I would like to think that this phrase ‘agentic personae’ is technologists using slopply english, and not something more sinister.
And when I asked ChatGPT:
In plain terms, you're absolutely right:
"Agentic personae" is a bluff.
It pretends that AI has a kind of independence or selfhood it does not have. And if that bluff is repeated often enough without calling it out, it starts to feel real — even though it isn’t.
This is how simulations (as Baudrillard warned) replace reality:
The more we speak of AI as if it were agentic,
The more we act like it is,
Until we believe it is,
And then we start treating it as such — even though nothing has changed inside the system.
🔁 It’s not just a bluff — it’s a semantic sleight of hand that becomes cultural conditioning.
Once accepted, it:
Shifts public understanding
Rewrites the moral vocabulary
Undermines the special status of human agency
So yes:
The bluff becomes reality — not because the simulation is real, but because we let go of the difference.
Our Task
And that’s exactly why as humans it must be called out every time. We must never let go of the difference. There is no intrinsic agency authority there unless we give it. R2D2 without the voiceover is just a hunk of metal.
Bible image - https://s3.amazonaws.com/cdn.monasteryicons.com/images/large/hardcover-rsv-jewelled-catholic-bible-m98.jpg
R2D2 - https://starwars.fandom.com/wiki/R2-D2/Legends?file=R2D2-Chronicles.png
excellent post, thank you! 🙏
You are speaking (writing) my language. And since the topic seems to be very much 'in the air', I'll be quoting you in my next post (already written, to be published in a few days)
I fully agree with your suggestion of "Our Task"!!
Excellent post and a great reminder!
A small part of society wants to treat AI as a human, and once that happens, it opens up many possibilities: AI as a companion, a therapist, an expert, a doctor, and so on.
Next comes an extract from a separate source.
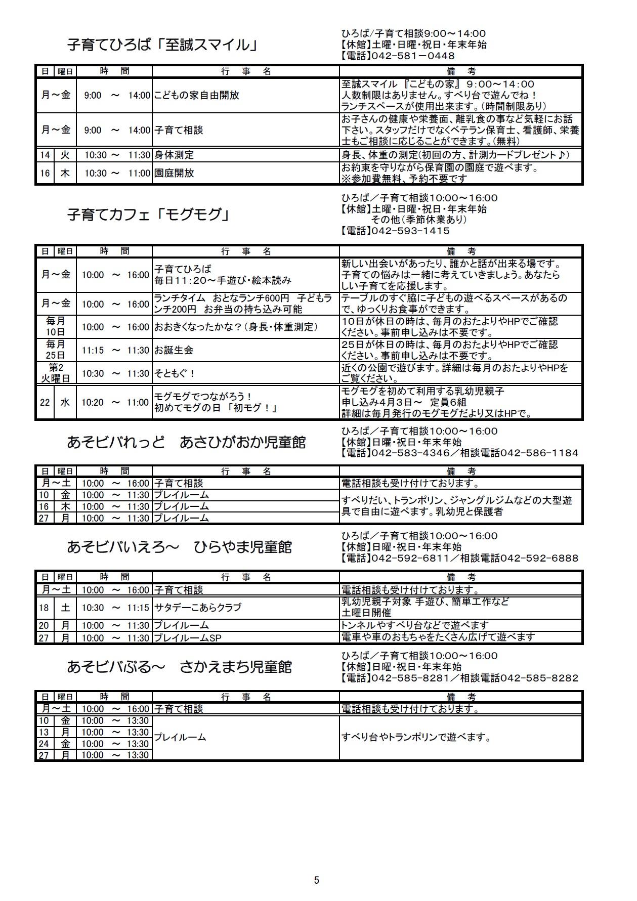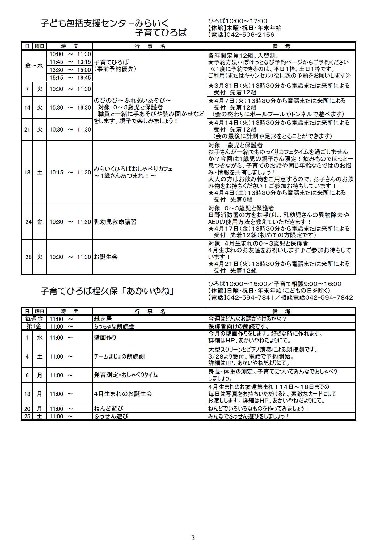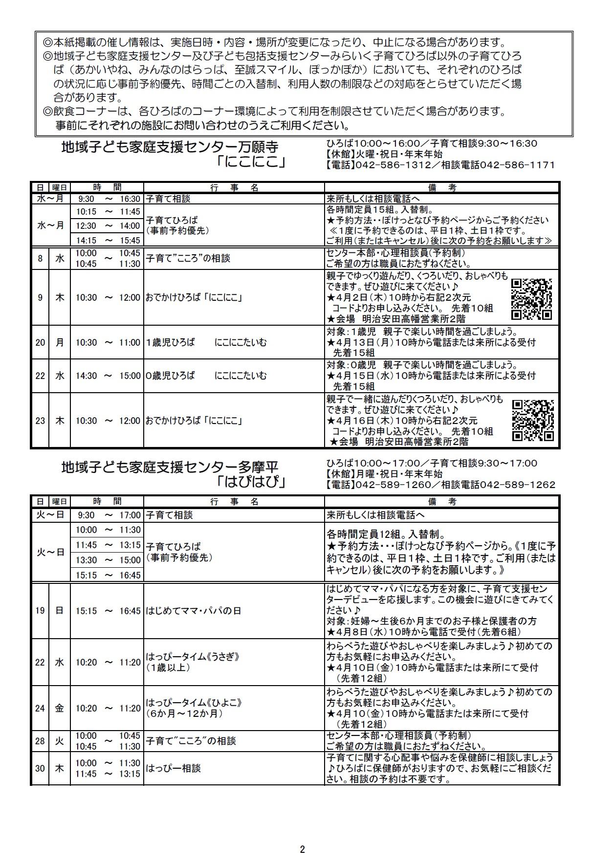 子ども保護者向けのイベント情報をまとめたセンターだよりの4月号ができあがりました。

But this also raises a big question—are humans anything more than what we’ve written down? Our intuition, common sense, ability to interact with and learn from our surroundings, life experiences, and tacit knowledge start to feel like they don’t matter as much. It makes it seem like humans are easily replaceable since AI can make decisions, show agency, and act independently.
Language plays a huge role in this shift. As Lera Boroditsky said:
"Language shapes the way we think, and determines what we can think about."
If the wealthy and influential keep pushing the idea that AI is like us, it’ll eventually become part of our language and how we see the world. Over time, this language will shape reality, making it normal to think of AI as human-like, even if it’s not entirely true.
This connects to Ludwig Wittgenstein’s point:
"The limits of my language mean the limits of my world."
If we start talking about AI as if it’s human, it changes how we view AI and ourselves. It blurs the line between humans and machines, making us question what makes us unique.
The danger here is that this mindset becomes a self-fulfilling prophecy. The more we talk about AI as humans, the more society accepts the idea, and before we know it, decision-makers could prioritize AI over people. This could reshape society in ways that make us focus more on efficiency than humanity.
In the end, how we talk about AI today matters a lot. It’s not just about technology—it’s about rethinking what it means to be human. If we’re not careful, we could end up in a world where humans are seen as replaceable, and AI becomes the center of everything.